Destroys the current scope. Signals an InternalError if there is no scope to destroy.

Removes records from error handlers stack that were bound to this scope. (is it gonna work?)

`JUMP_IF_FALSE offset`

offset is the relative offset of the instruction where the VM has to jump if the value on the stack is false.
the stack must contain an object.

If the object on the stack is false, jumps to the instruction at the position offset relative to the current instruction.

Signals a ValueError if the object on the stack is not boolean, InternalError if the stack is empty.

`JUMP offset`

offset is the relative offset of the instruction where the VM has to jump.

Jumps to the instruction at the position offset relative to the current instruction.

`RETURN`

the stack must contain an object.

Jumps to the instruction at the absolute offset given in the integer object on the stack.

Signals a ValueError if the object on the stack is not integer, InternalError if the stack is empty.

`REGISTER_CATCH`

the stack must contain an object.

Registeres a new catch statement with the error code provided on the stack. If the value on the stack is -1, an universal handler is registered.

Checks whether the object on the stack is an integer, and takes its value.
Inserts a new tuple of (integer error code, absolute offset of the second next instruction after the current one, number of elements on the stack, current scope pointer) on the error handlers stack.

Signals InternalError if there is no object on the stack, ValueError if the object on the stack is not an integer.

`DESTROY_CATCH n`

Removes n tuples error handlers from the errors stack. Signals an InternalError if the errors stack contains less than n tuples

`SIGNAL_ERROR`

the stack must contain 2 objects: bottom->top: ... s x

Signals an error with code x and message s.

Takes the object from the stack, extracting the error code.
Goes through the error handlers stack. If it doesnt locate a handler with the given error code, the program terminates.
Otherwise it destroys the current scope until it finds the right one. Then it jumps to the instruction at the absolute offset.
An error object is pushed on the stack.

Signals an InternalError if the stack is empty, or ValueError if the object x on the stack is not an integer, or s is not a string.

`CREATE_VAR identifier`

the stack must contain an object.

Creates a new variable with name identifier, pointing to the object on the stack.

Signals a NameCollisionError if an accessible object with the given name already exists, InternalError if the stack is empty.

`COPY_BY_VALUE`

the stack must contain an object.

Copies by value the object from the stack, and pushes that created copy on the stack.

Signals an InternalError if there is no object on the stack.

`COPY_BY_REFERENCE`

the stack must contain an object.

Copies by reference the object from the stack, and pushes that created copy on the stack.

Signals an InternalError if there is no object on the stack.

`COPY_BY_AUTO`

the stack must contain an object.

Copies by auto the object from the stack, and pushes that created copy on the stack.

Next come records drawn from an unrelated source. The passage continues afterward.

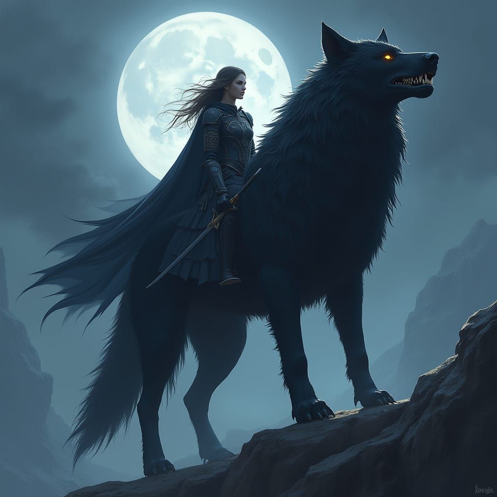 This image shows a majestic black direwolf with glowing eyes standing on a cliff, bearing a brave princess in armor. The artwork features dramatic shadows and cinematic lighting reminiscent of epic fantasy art.
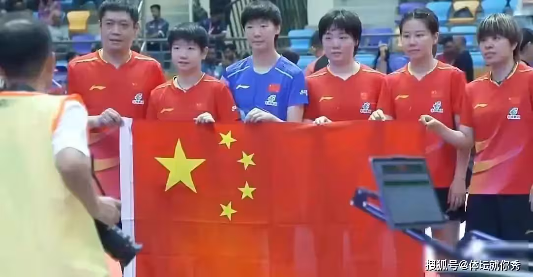 中國女乒3一0日本奪冠,三哥指揮拍出另類合影,王曼昱穿錯球衣
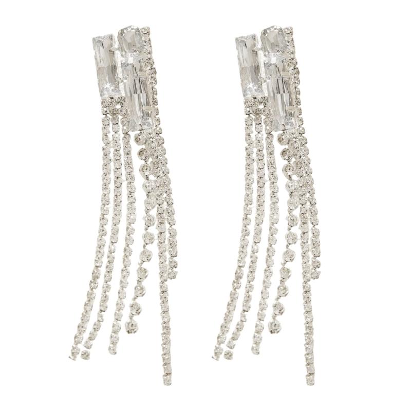 Long Crystal Fringe Earrings Slimming Design for Round Faces Sparkling Crystals for Parties Daily Wear Comfortable

Signals an InternalError if there is no object on the stack.

`ASSIGNMENT`

the stack must contain 2 objects: bottom->top : ... object2 object1

Replaces the pointer Object1->Value1 to Object1->Value2. Object2 gets removed from the stack, Object1 stays.

Signals an InternalError if there are less than 2 objects on the stack.

`LOGICAL_OR`

the stack must contain 2 objects: bottom->top: ... x y

Creates a boolean object with the value of (x or y). The object is pushed on the stack.

Signals an InternalError if there are less than 2 objects on the stack. Signals a ValueError if the objects have invalid values.

`LOGICAL_AND`

the stack must contain 2 objects: bottom->top: ... x y

Creates a boolean object with the value of (x and y). The object is pushed on the stack.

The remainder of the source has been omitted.